Have a question about pandas:
I have two dataframes:
df1 = pd.DataFrame({'user_id': ['12', '22', '33', '44'],
'time': ['t1', 't2', 't3', 't4'],
'data': [{'av': '8.0', 'si': 3, 'am' : 2}, {'av': '8.0', 'si': 44}, {'av': '8.0', 'si': 1}, {'av': '8.0', 'si': 22}]})
df2 = pd.DataFrame({'user_id': ['11', '22', '33', '44'],
'time': ['t1', 't2', 't3', 't4'],
'data': [{'cv': 'ff', 'si': 3}, {'cv': 'ff', 'si': 44}, {'cv': 'fa', 'si': 2}, {'cv': 'ff', 'si': 21}]})

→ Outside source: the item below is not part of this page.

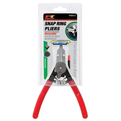 VERSATILE DESIGN: The Performance Tool W88013 Reversible Snap Ring Pliers feature a unique design that easily switches from internal to external operation, making it a versatile tool for any job. COMFORTABLE GRIP: The cushioned grips on these snap ring pliers provide comfort during use and feature storage for spare tips, so you always have them at hand when you need them. EASY TIP CHANGE: The included hex key makes changing tips on these pliers easy and hassle-free. WIDE RANGE OF APPLICATIONS: With internal rings ranging from 7/8 to 1-7/8-Inches and external rings ranging from 5/16 to 1-7/8-Inches, these snap ring pliers can be used for a wide range of applications. SPACE-SAVING DESIGN: With four different tips included (1.8mm and 1.2mm in both straight and 90-degree angles), these snap ring pliers take the place of four different tools in your toolbox, saving you space and money.
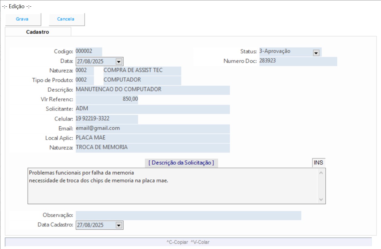 Solicitação de compras

And I need to filter df1 to reject rows contains values of 'user_id' and ['data'].'si' the same as 'user_id' and ['data'].'si' from df2 rows. If I'll do:
filter1 = df1['data'].str['si'].isin(df2['data'].str['si'])
filter2 = df1['user_id'].isin(df2['user_id'])
df3= df1[filter1 & filter2]
Result won't be valid, cause I need to reject exactly rows, where values satisfices both conditions: As example row 2 from df1
user_id time data
22 t2 'av': '8.0', 'si': 44
and from df2:
user_id time data
22 t2 'cv': 'ff', 'si': 44
Thanks a lot for any help!
CodePudding user response:
Having data normalized should ease this and every potential comparison much easier and cleaner.
Normalize Apply clean conditions:
df1 = pd.concat([df1.drop(columns=['data']), pd.json_normalize(df1.data)], axis=1)
df2 = pd.concat([df2.drop(columns=['data']), pd.json_normalize(df2.data)], axis=1)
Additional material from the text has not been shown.